La inutilidad de las enseñanzas artísticas (Carola Minguet, Religión Confidencial)
Noticia publicada el
martes, 18 de abril de 2023
El Consejo de Ministros ha aprobado el proyecto de ley de las Enseñanzas Artísticas Superiores (conservatorios de danza y música, y centros de arte, diseño y conservación), que plantea un marco normativo básico para equipararlas a las universitarias. No voy a entrar en el texto ni en el tira y afloja entre el Consejo de Universidades y la Conferencia de Decanos de Bellas Artes. Tampoco quiero recelar de los sistemas de calidad universitarios. Estas líneas son, sencillamente, para añorar la presencia (real) de estas disciplinas en cualquier etapa formativa. Para defender su inutilidad.
Kakuzō Okakura, en El libro del té, propone imaginar al primer varón que cortó una flor y se la ofreció a su amada. En ese acto, dice, el hombre primitivo se eleva sobre la bestia. Saltando sobre las necesidades burdas de la naturaleza, se hace humano. Percibiendo la utilidad de lo inútil, entra en el reino del arte. Se ha discutido mucho acerca de qué es lo esencialmente humano. Indudablemente, un rasgo es este aprecio por lo inútil, por lo que no nos procura sustento, refugio o beneficio, sino que nace de una pulsión por lo bello y se traduce en un gesto gratuito. Es decir, una acción tan sencilla como la que señala el autor japonés nos revela como humanos porque, de alguna forma, transparenta el alma. Un alma que nos distingue de los animales (asumo el charco en el que me meto) y que se recrea en la gratuidad y en la belleza.
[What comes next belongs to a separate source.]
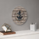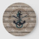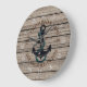 Vintage blue anchor with teal green colored rope on antique weathered wooden planks pattern motif. With room to customize with family name and established date of your choice. Ideal for a rustic wood log cabin look in your bedroom, hallway, living or family room, kitchen, man cave, or mountain lodge.

El problema es que todo esto no parece dar ninguna ventaja competitiva. De hecho, si un egresado en Derecho llegara a una entrevista de trabajo en un bufete de abogados y, al ser preguntado sobre sus aptitudes (soft skills se dicen ahora), adujera ser especialmente sensible al alma, así como a sus movimientos, seguramente lo mirarían alucinados. Más aún, si afirmara con rotundidad que lo que verdaderamente merece la pena en la vida es irremediablemente inútil, igual le vetaban la entrada. Sin embargo, es la pura verdad. Además, da un valor curricular a quien está convencido de ello. Aludo a un argumento que escuché recientemente a José María Contreras en una conferencia para tratar de explicarlo…
Si bien hay unanimidad en que, en pocos años, casi todo se va a hacer con inteligencia artificial, los trabajos que queden reservados para los hombres serán los que precisen de aptitudes incondicionalmente humanas. Y nada prepara más en humanidad que el arte, la literatura o el pensamiento. En su opinión, cuanto más humano sea alguien (esto es, cuanto menos maquinal) más posibilidades laborales tendrá. Igualmente, el joven profesor sevillano alertó de la trampa de aquellos estudios focalizados en técnicas y competencias. El mundo es turbulento, incierto. Si te preparas de una manera constreñida para un desempeño muy concreto, ¿quién te dice que en unos años seguirás siendo necesario? Si te conviertes en un instrumento, puedes quedar obsoleto. Y los objetos trasnochados van al vertedero o se reciclan en el mejor de los casos. Por otro lado, ¿cómo prepararse para un oficio del mañana, si no sabemos qué va a deparar el futuro?
Por eso lo artístico, como lo humanístico, siempre da una ventaja educativa fundamental, precisamente porque parte de la inutilidad. Además, no está reservado a determinadas titulaciones; una ingeniería puede incluirlo, como también Medicina, Magisterio, Arquitectura. Cualquier grado.Tampoco es exclusivo del universitario pues, quien esté dispuesto a perder (o ganar, según se mire) el tiempo, puede acceder a un conocimiento gratuito que trasciende los libros y los museos. De hecho, tanto los primeros como los segundos son plataformas, vías de acceso, que incluso pueden resultar inoperantes si sólo llevan a engordar la razón y no conmueven el corazón. Si no te abren a la belleza resultarán en vano. Porque la belleza activa la trascendencia. Nos lleva a reconocer que no somos de aquí.
Les dejo, al respecto, uno de los fragmentos más veraces de El despertar de la señorita Prim:
«Me han dicho que valora usted la delicadeza y que añora la belleza -continuó el anciano-. Busque entonces la belleza, señorita Prim. Búsquela en el silencio, búsquela en la calma, búsquela en medio de la noche y búsquela también en la aurora. Deténgase a cerrar las puertas mientras la busca, y no se sorprenda si descubre que ella no vive en los museos ni se esconde en los palacios. No se sorprenda si descubre finalmente que la belleza no es un qué, sino un quién».